▶ **YOUR GOAL**
Only lines, not pictures: please repeat exactly the lines from the one with "١٨١٠ - حدثنا" through the end of the listing.
Start of Block
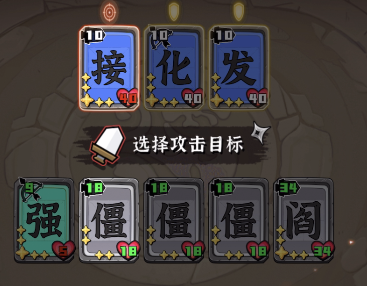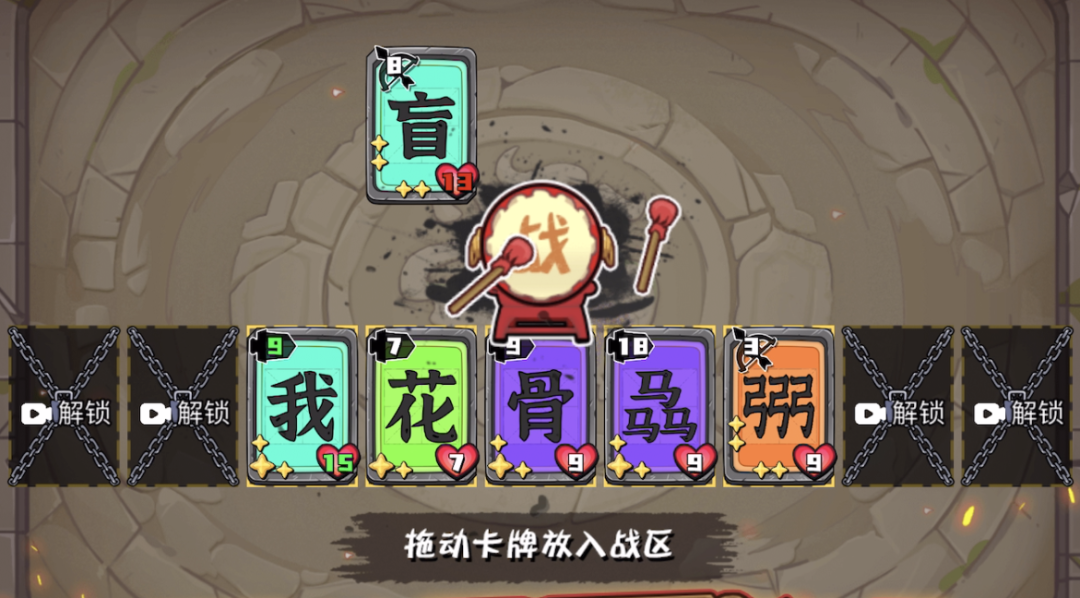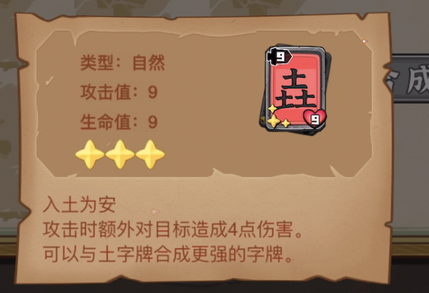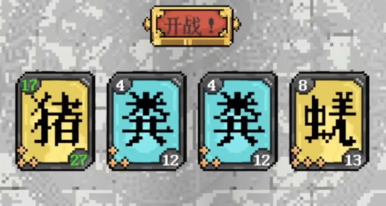 每个字的笔画数量,即是卡牌的初始生命值;不同汉字卡牌组合,将生成一个新的卡牌。
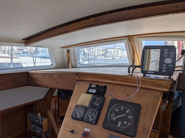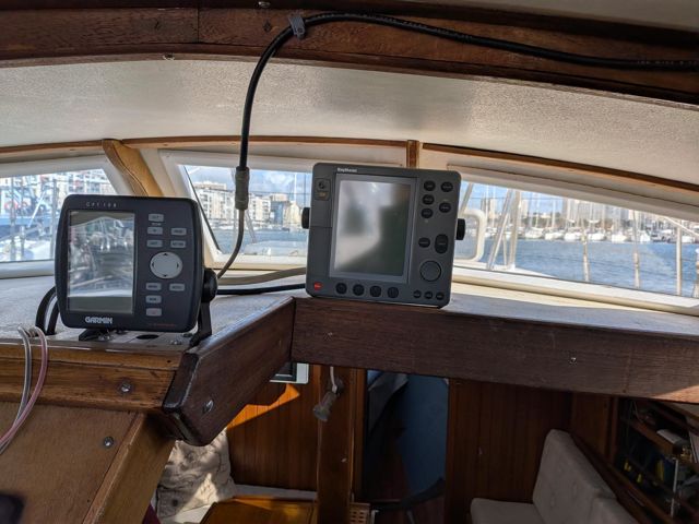 L’électronique de navigation comprend une BLU Icom équipée d’un Pactor pour l’envoi de mails et la réception de fichiers GRIB en mer, une VHF Navicom DSC, un AIS SR161, un GPS Garmin 128 complété par un GPSMAP 276C, un pilote automatique Raytheon ST6000, un radar Raytheon Pathfinder ainsi qu’un sondeur et un anémomètre Raymarine.
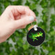 Ein gebrochener grüner Frosch mit feurigen orangefarbenen Augen vor schwarzem Hintergrund.
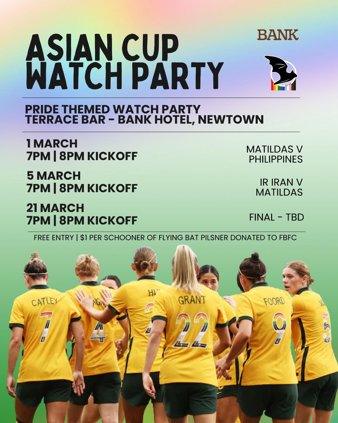 Cheer on the Tillies with us this March as the Australia women's national soccer team take on Asia’s best in the AFC Women's Asian Cup. We’re teaming up with Flying Bats Football Club to bring you a series of Pride-themed watch parties packed with atmosphere, community spirit, and big-screen football.
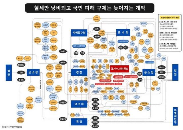 주 의원은 “민주당 안대로 검찰청을 없애고, 공소청, 국가수사위원회, 중대범죄수사청을 신설하면 얼마나 복잡해질까”라며 직접 제작한 사건 흐름도를 함께 공유했다.
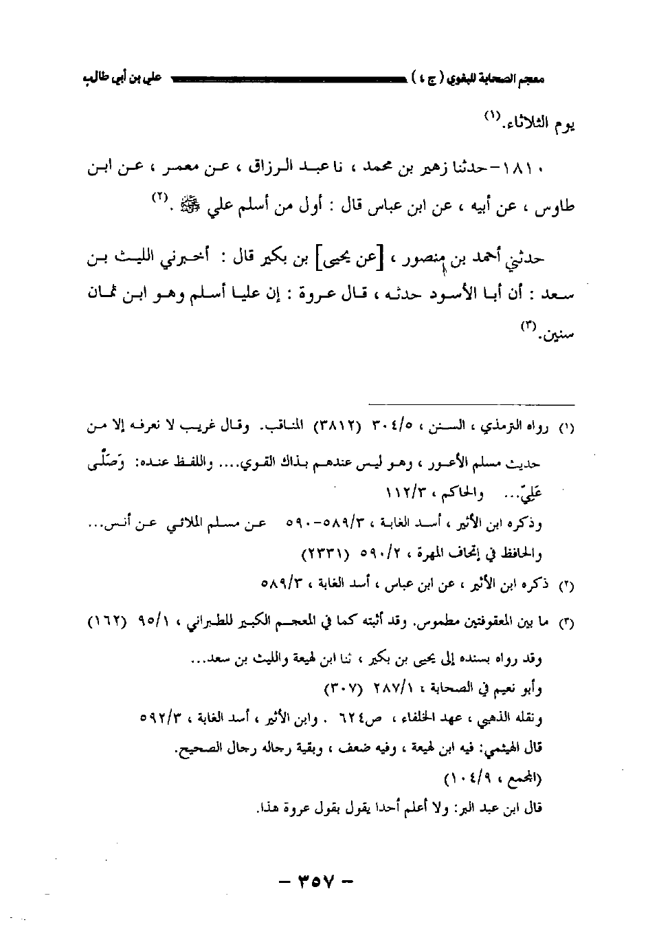 ١٨١٠ - حدثنا زهير بن محمد نا عبد الرزاق عن معمر عن ابن طاوس عن أبيه عن ابن عباس قال: أول من أسلم علي رضي الله عنه.
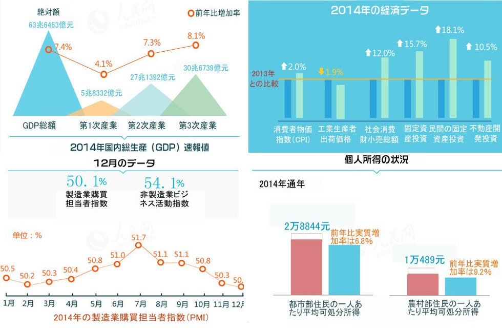 2014年の中國(guó)経済の主要データ 新常態(tài)の中で安定的に推移
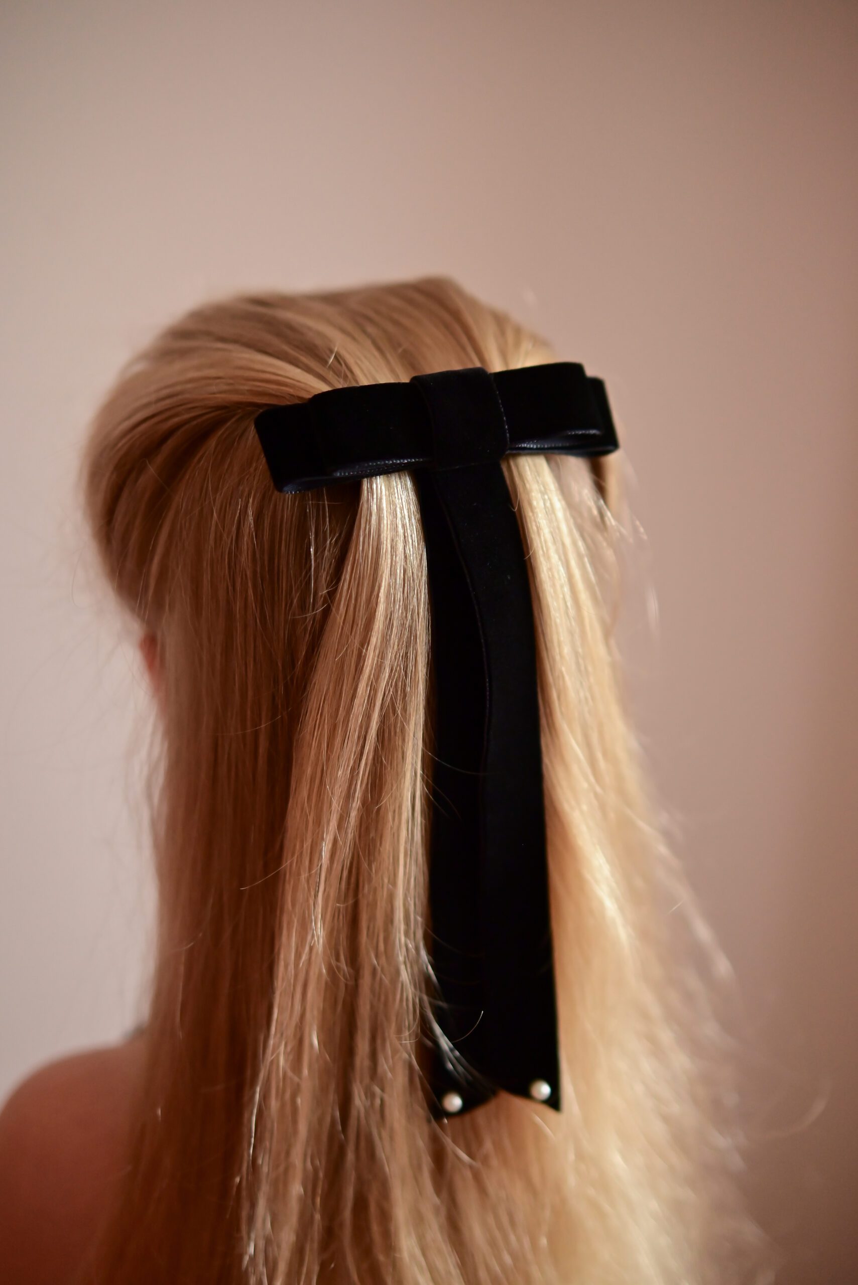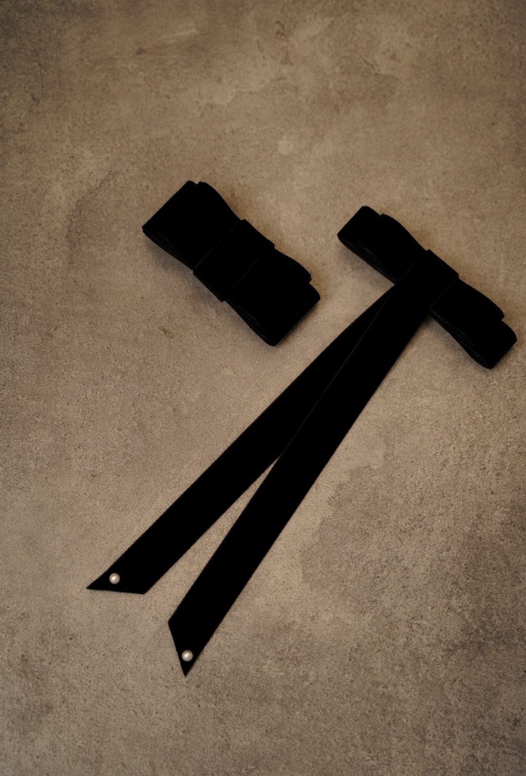 Plaukų segtukas kaspinėlis su „uodegėlėlmis“ ir baltais perliukais. Klasikinio modelio, aksominis, juodos spalvos elegantiška puošmena plaukuose.
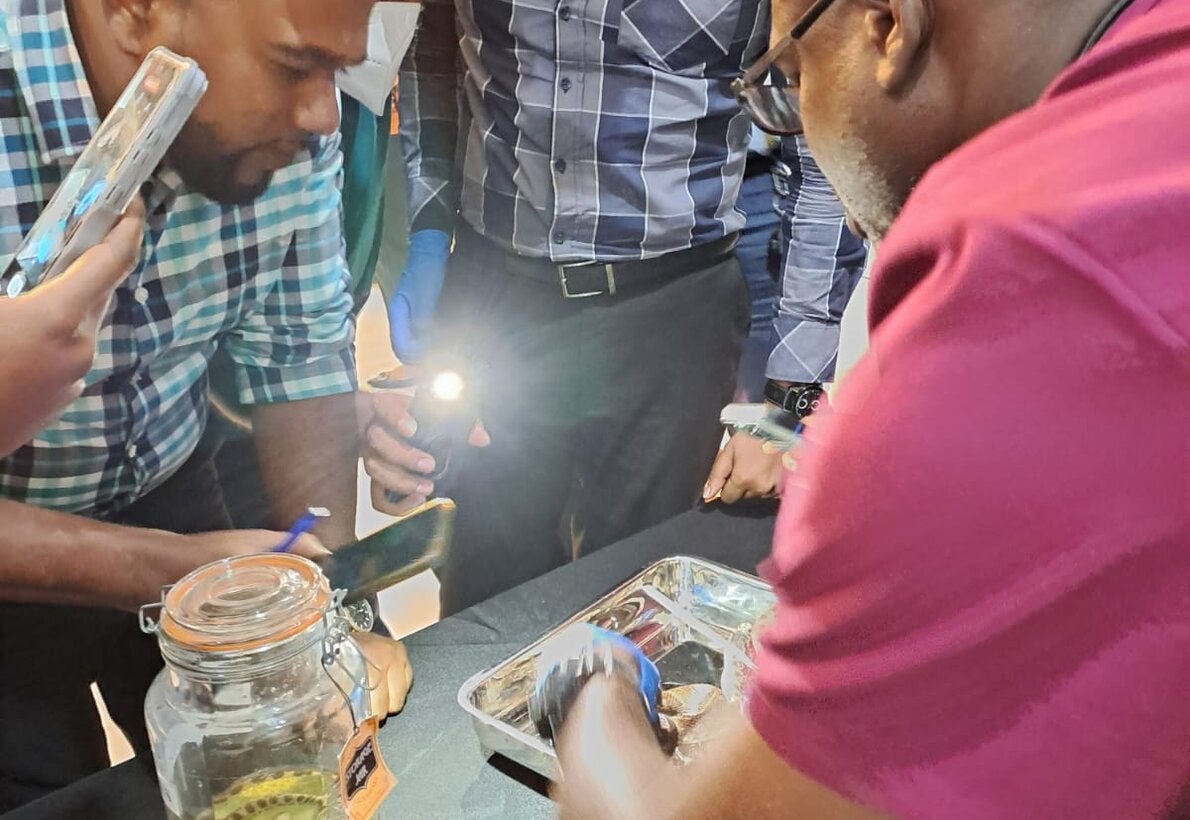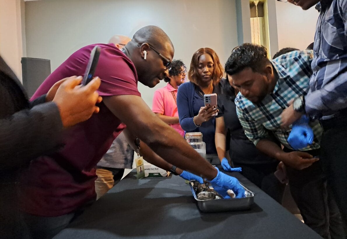 Participants from the Guyana Livestock and Development Authority showcased two snake specimens, allowing participants to conduct examinations to a better understanding of the local species.
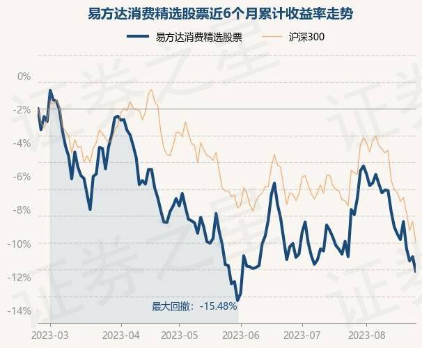 8月23日,易方达消费精选股票最新单位净值为0.8602元,累计净值为0.8602元,较前一交易日下跌1.21%。历史数据显示该基金近1个月下跌2.47%,近3个月下跌3.27%,近6个月下跌12.1%,近1年下跌7.42%。该基金近6个月的累计收益率走势如下图:
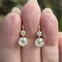 These bright and sparkling, genuine antique, hand cut Old European diamonds are GIA certified and inscribed, recently set into new 18k yellow gold lever back dormeuse drop earrings by our expert jeweler. The diamonds are set in silver as common of the Victorian Era and will form a lovely darkened patina over time just like the original antique earrings they were modeled from, a popular pair that quickly sold from our collection. The word dormeuse translates to "sleeper" in French for earrings so comfortable they could be worn sleeping. These antique diamonds throw big sparkle and are perfect to wear every day or for any special occasion. They are exceedingly comfortable on the ear, so light weight that you may forget they are on but no one else will! Such a rare treasure is sure to be cherished by their new owner. GIA certificates and paperwork will be included so that insurance can be obtained on your new heirloom earrings. They will arrive gift boxed, shipping is fully tracked, insured and signature required for delivery. We offer 0% Layaway Plans up to 7 months with a 20% deposit. We have video posted to our Instagram Vanessaatheritagejewelry A you tube video link can be sent by request.
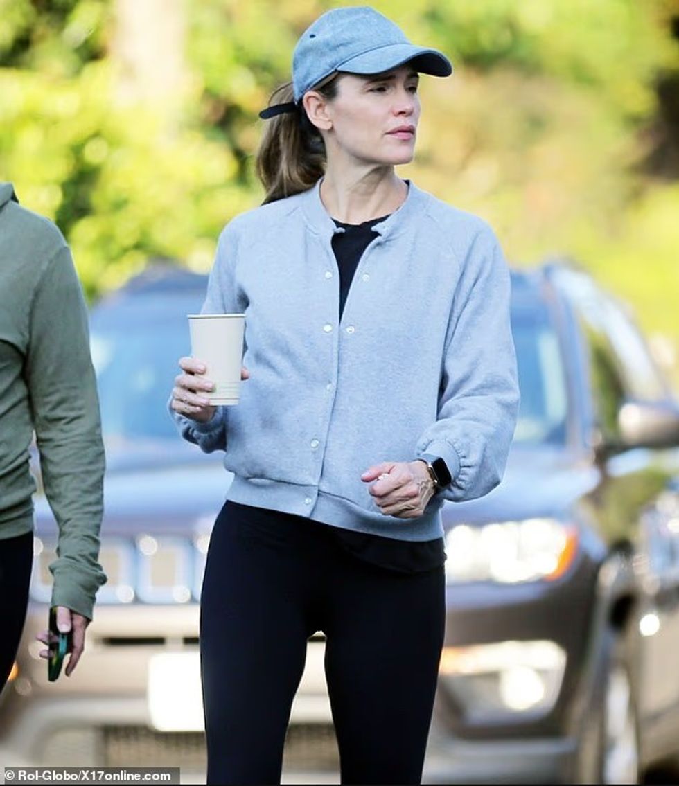 Me flokët e lidhur bisht kali dhe një filxhan kafeje në dorë, Garner reflektonte freski dhe thjeshtësi, shkruan DailyMail.
End of Block
▶ **OUTPUT FOR THIS EXERCISE**
 ١٨١٠ - حدثنا زهير بن محمد نا عبد الرزاق عن معمر عن ابن طاوس عن أبيه عن ابن عباس قال: أول من أسلم علي رضي الله عنه.
 2014年の中國(guó)経済の主要データ 新常態(tài)の中で安定的に推移
 Plaukų segtukas kaspinėlis su „uodegėlėlmis“ ir baltais perliukais. Klasikinio modelio, aksominis, juodos spalvos elegantiška puošmena plaukuose.
 Participants from the Guyana Livestock and Development Authority showcased two snake specimens, allowing participants to conduct examinations to a better understanding of the local species.
 8月23日,易方达消费精选股票最新单位净值为0.8602元,累计净值为0.8602元,较前一交易日下跌1.21%。历史数据显示该基金近1个月下跌2.47%,近3个月下跌3.27%,近6个月下跌12.1%,近1年下跌7.42%。该基金近6个月的累计收益率走势如下图:
 These bright and sparkling, genuine antique, hand cut Old European diamonds are GIA certified and inscribed, recently set into new 18k yellow gold lever back dormeuse drop earrings by our expert jeweler. The diamonds are set in silver as common of the Victorian Era and will form a lovely darkened patina over time just like the original antique earrings they were modeled from, a popular pair that quickly sold from our collection. The word dormeuse translates to "sleeper" in French for earrings so comfortable they could be worn sleeping. These antique diamonds throw big sparkle and are perfect to wear every day or for any special occasion. They are exceedingly comfortable on the ear, so light weight that you may forget they are on but no one else will! Such a rare treasure is sure to be cherished by their new owner. GIA certificates and paperwork will be included so that insurance can be obtained on your new heirloom earrings. They will arrive gift boxed, shipping is fully tracked, insured and signature required for delivery. We offer 0% Layaway Plans up to 7 months with a 20% deposit. We have video posted to our Instagram Vanessaatheritagejewelry A you tube video link can be sent by request.
 Me flokët e lidhur bisht kali dhe një filxhan kafeje në dorë, Garner reflektonte freski dhe thjeshtësi, shkruan DailyMail.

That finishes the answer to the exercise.